- _REQUIRED WORK_
An exact copy of all the data below is needed, without its pictures.

(Records drawn from a dataset)
===============

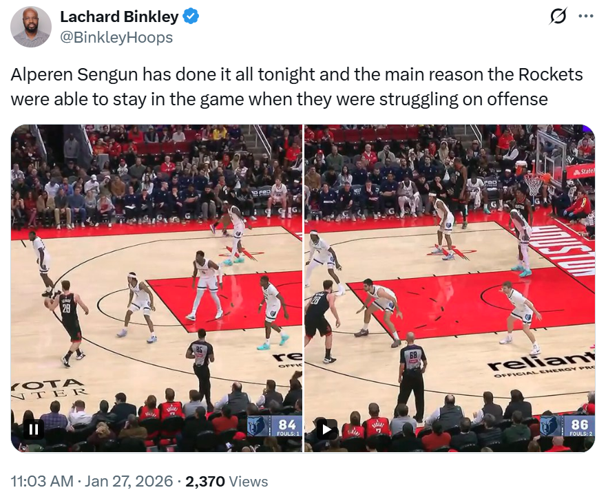 面对申京这样的表现,火箭记者Lachard Binkley连发数条推特称赞申京。
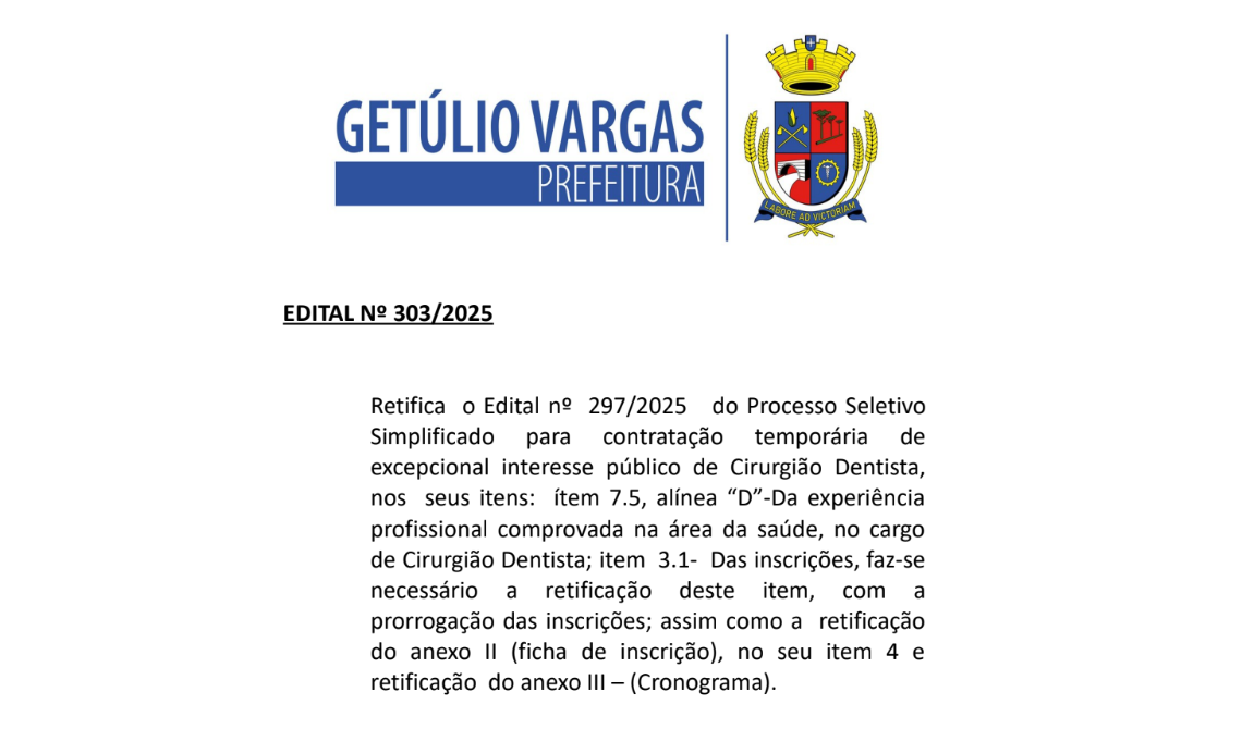 EDITAL 303-2025 RETIFICA PROCESSO SELETIVO - CIRURGIÃO DENTISTA
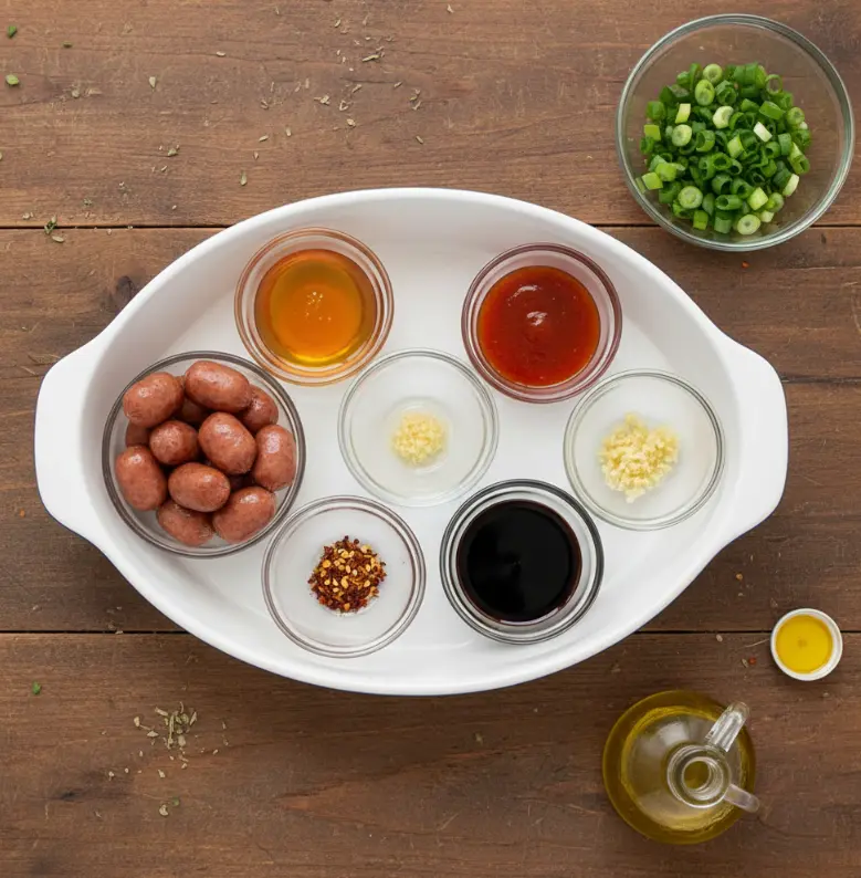 This Hot Honey Garlic Lil Smokies Recipe requires simple yet impactful ingredients that create layers of sweet, spicy, and savory flavors:
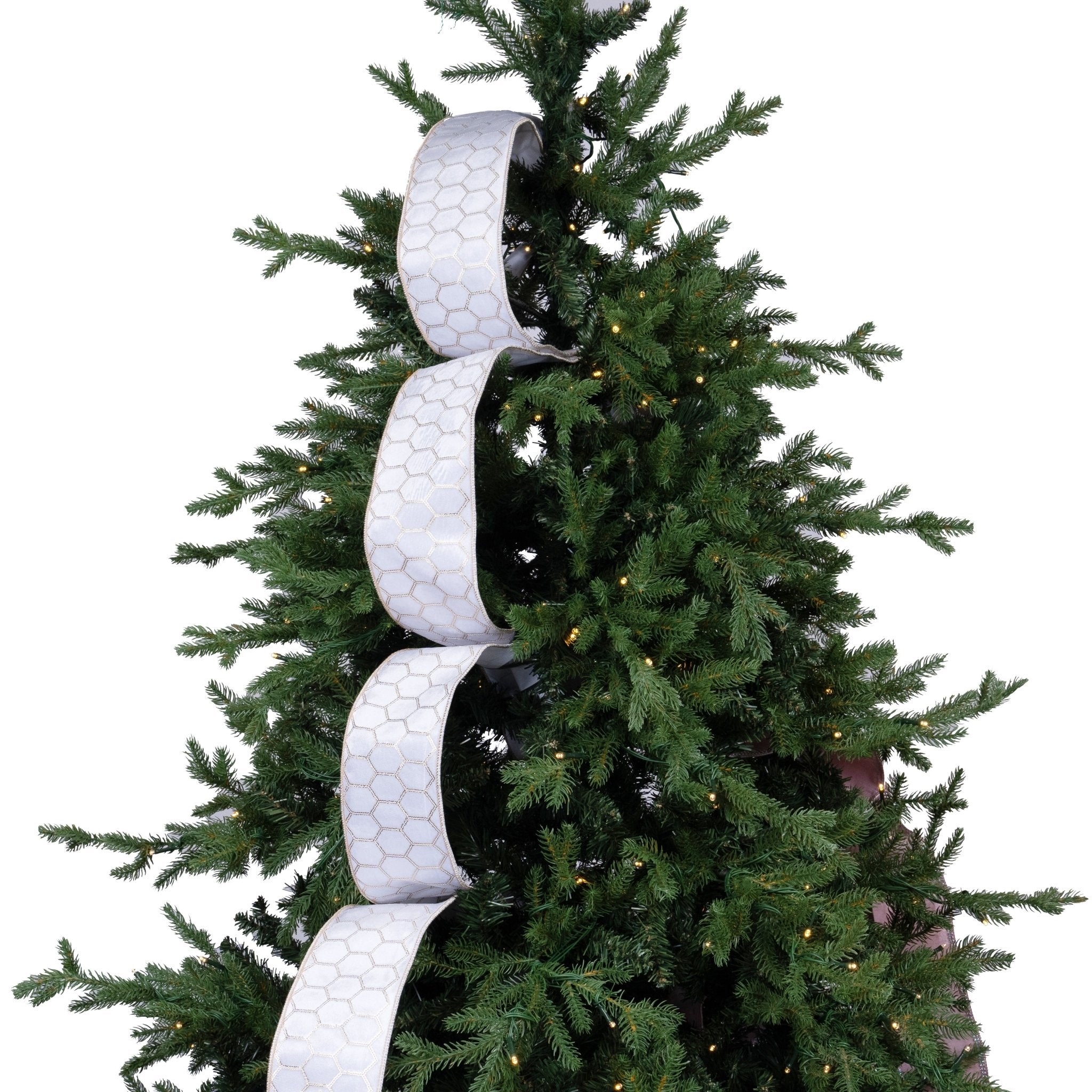 Indulge in luxury with our Velvet Tree Ribbon, featuring an intricate honeycomb pattern. Add an opulent touch to your holiday decor or gift wrapping. Made from soft velvet, this ribbon exudes elegance and sophistication. Transform any ordinary item into a lavish statement piece.
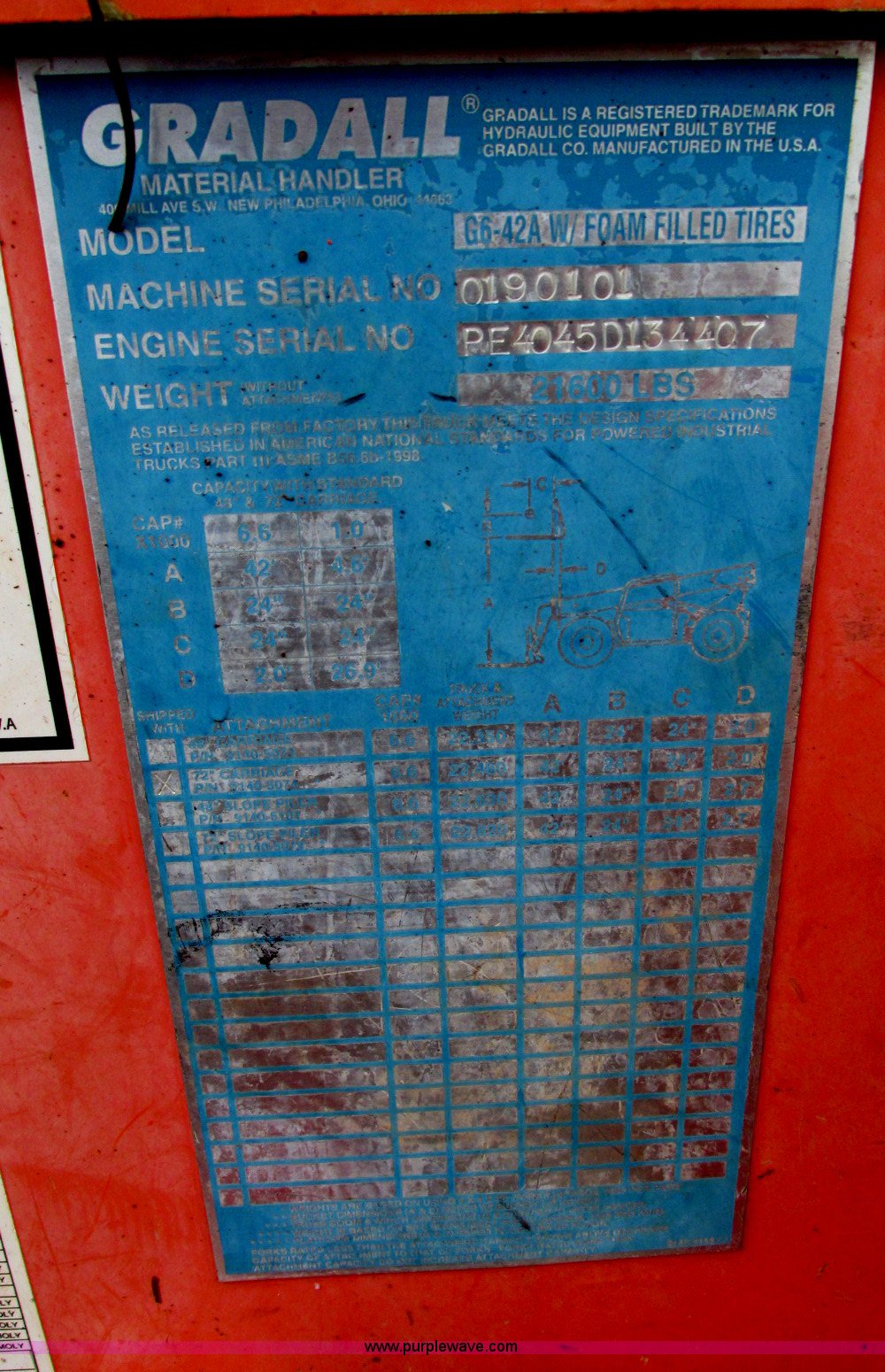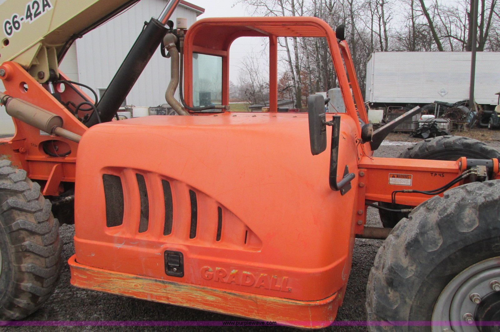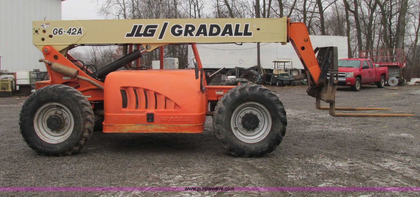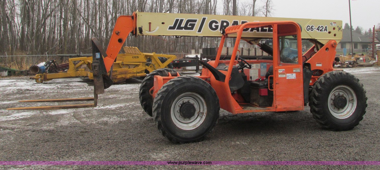 Purple Wave is selling a used Telehandler in Minnesota. This item is a 2003 JLG G6-42A Gradall rough terrain telehandler with the following: 4,651 hours on meter, Hours may vary, still in use, John Deere Power Tech 4.5L diesel engine, Serial PE4045D134407, Powershift transmission, Four wheel drive, Four wheel steering, OROPS, Gradall fork attachment, Attachment# 9140-5073, 485 lbs, 10,000 lbs capacity, 59"L forks, 48" max fork width, 29' max reach, 42' max lift, 6,600 lbs rated capacity at 24" load center, Rear counter weight, Front and rear work lights, High Bias limited slip front axle, Planetary rear axle, 128" wheelbase, Solideal 13.00-24T6 foam-filled tires, 21,600 lbs. base operating weight, Lift brackets to engine compartment broken, Damaged forks, Serial 0190101
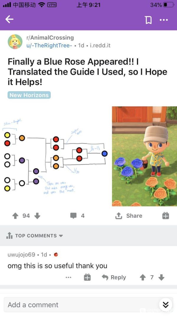 贴一下reddit上另一种方法的高清图,我直觉他的方法挺靠谱的,但是当时我嫌二代紫太麻烦而且我的二代红已经出了一大片了,就没去种。如果有人从零开始的不妨试试这个方法。新作的蓝玫瑰方法绝对不是唯一的,目前广为人知的和二代红杂交法概率极低,据说还有纯种橙直接出蓝的,但是我都没验证过。
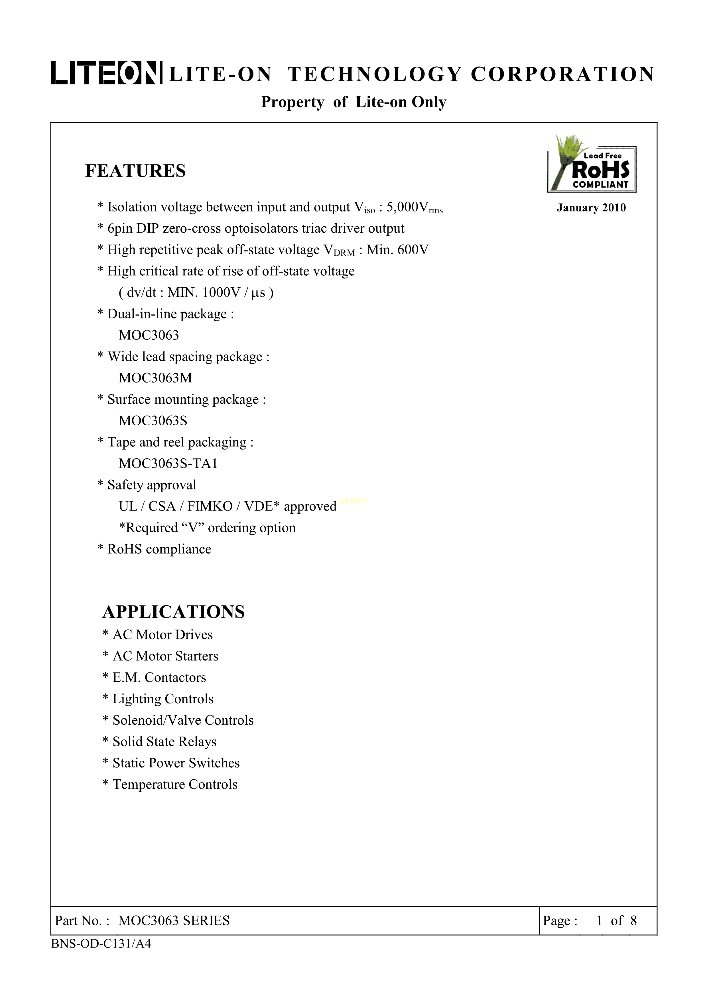 MOC3063S-TA1数据手册SMD-6封装LITEON(台湾光宝)PDF规格书,中英文下载
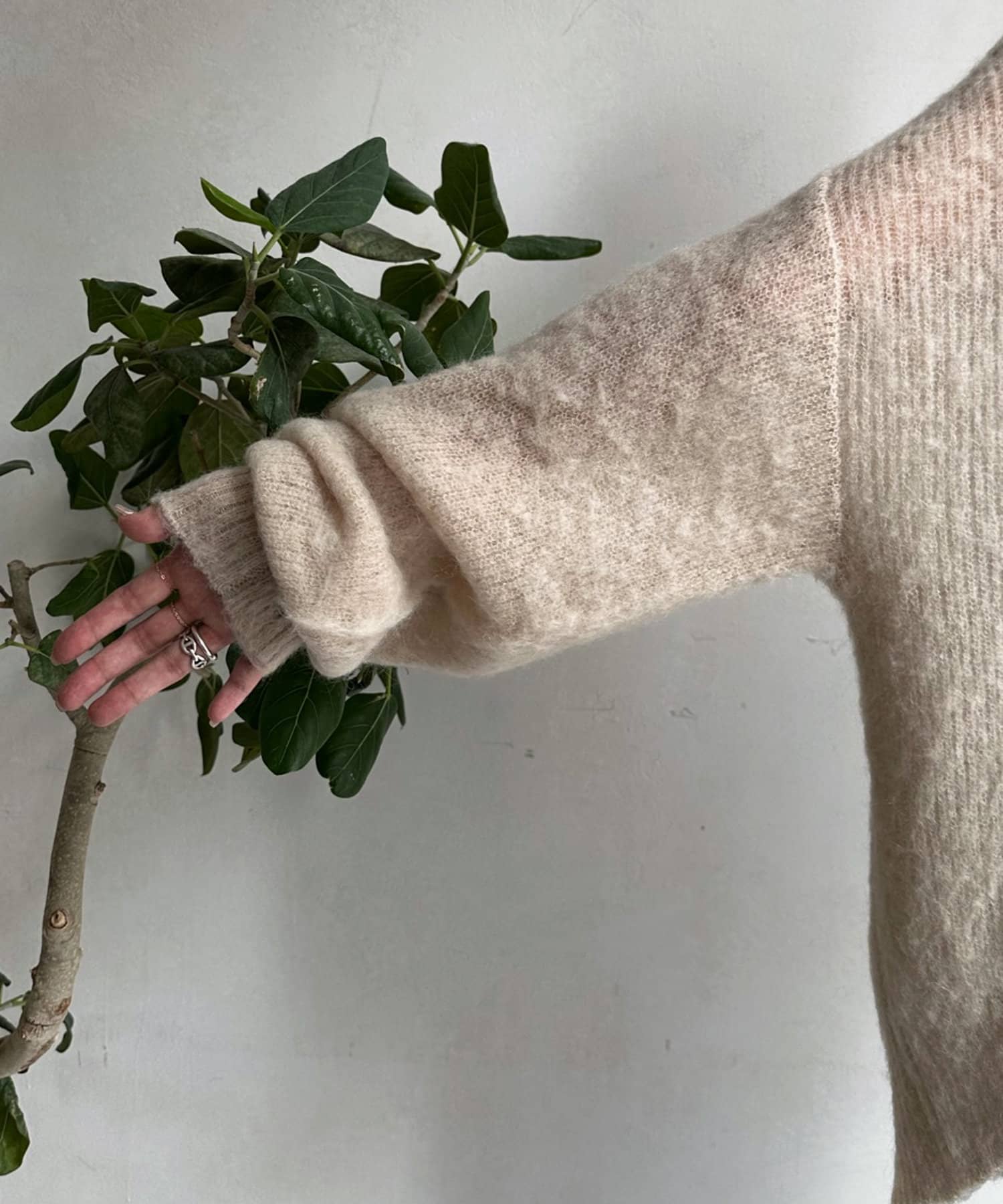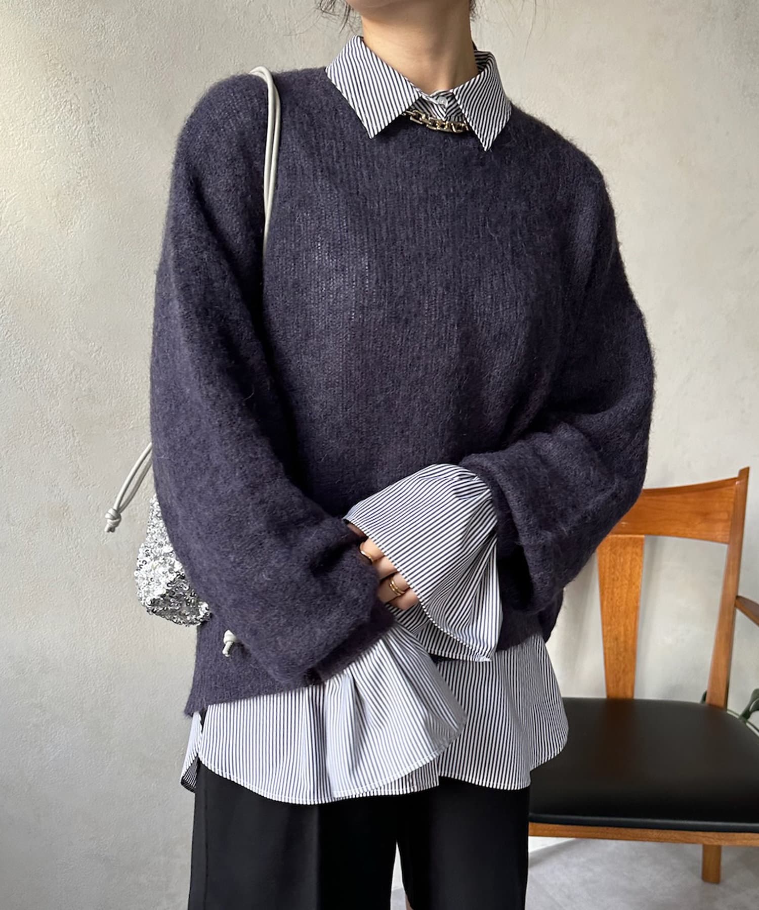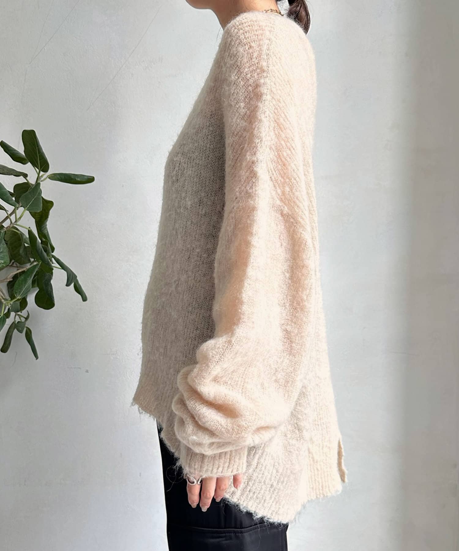 温かみのある素材感が魅力の起毛加工を施した、モヘヤのニット。
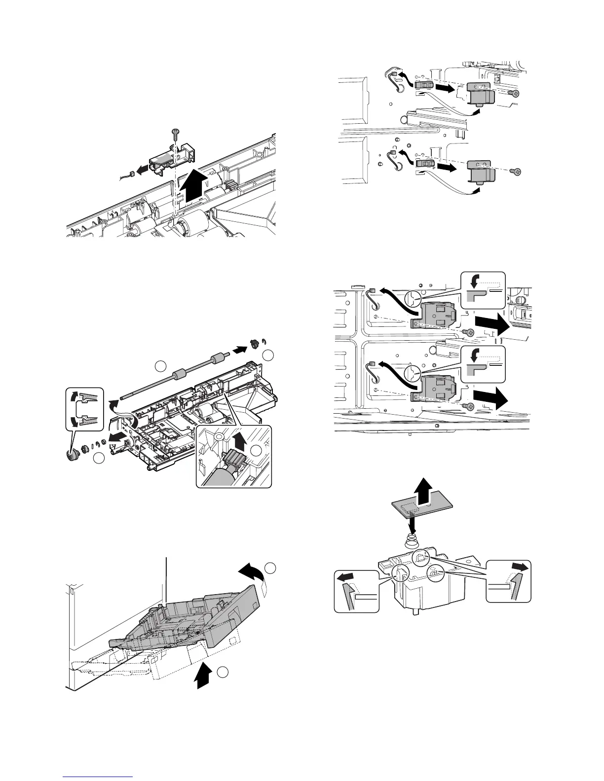 3) Release the pawl, and remove the tray 1, 2 detection unit.
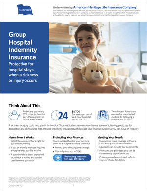 The Hospital Indemnity plan pays cash benefits from day one when you are hospitalized or receive other covered medical treatment. The plan supplements your primary medical coverage by filling the potential gaps created by rising deductibles, co-payments, and out-of-pocket expenses not covered by your health plan.

===============

- _WRITTEN SOLUTION_
 面对申京这样的表现,火箭记者Lachard Binkley连发数条推特称赞申京。
 EDITAL 303-2025 RETIFICA PROCESSO SELETIVO - CIRURGIÃO DENTISTA
 This Hot Honey Garlic Lil Smokies Recipe requires simple yet impactful ingredients that create layers of sweet, spicy, and savory flavors:
 Indulge in luxury with our Velvet Tree Ribbon, featuring an intricate honeycomb pattern. Add an opulent touch to your holiday decor or gift wrapping. Made from soft velvet, this ribbon exudes elegance and sophistication. Transform any ordinary item into a lavish statement piece.
 Purple Wave is selling a used Telehandler in Minnesota. This item is a 2003 JLG G6-42A Gradall rough terrain telehandler with the following: 4,651 hours on meter, Hours may vary, still in use, John Deere Power Tech 4.5L diesel engine, Serial PE4045D134407, Powershift transmission, Four wheel drive, Four wheel steering, OROPS, Gradall fork attachment, Attachment# 9140-5073, 485 lbs, 10,000 lbs capacity, 59"L forks, 48" max fork width, 29' max reach, 42' max lift, 6,600 lbs rated capacity at 24" load center, Rear counter weight, Front and rear work lights, High Bias limited slip front axle, Planetary rear axle, 128" wheelbase, Solideal 13.00-24T6 foam-filled tires, 21,600 lbs. base operating weight, Lift brackets to engine compartment broken, Damaged forks, Serial 0190101
 贴一下reddit上另一种方法的高清图,我直觉他的方法挺靠谱的,但是当时我嫌二代紫太麻烦而且我的二代红已经出了一大片了,就没去种。如果有人从零开始的不妨试试这个方法。新作的蓝玫瑰方法绝对不是唯一的,目前广为人知的和二代红杂交法概率极低,据说还有纯种橙直接出蓝的,但是我都没验证过。
 MOC3063S-TA1数据手册SMD-6封装LITEON(台湾光宝)PDF规格书,中英文下载
 温かみのある素材感が魅力の起毛加工を施した、モヘヤのニット。
 3) Release the pawl, and remove the tray 1, 2 detection unit.
 The Hospital Indemnity plan pays cash benefits from day one when you are hospitalized or receive other covered medical treatment. The plan supplements your primary medical coverage by filling the potential gaps created by rising deductibles, co-payments, and out-of-pocket expenses not covered by your health plan.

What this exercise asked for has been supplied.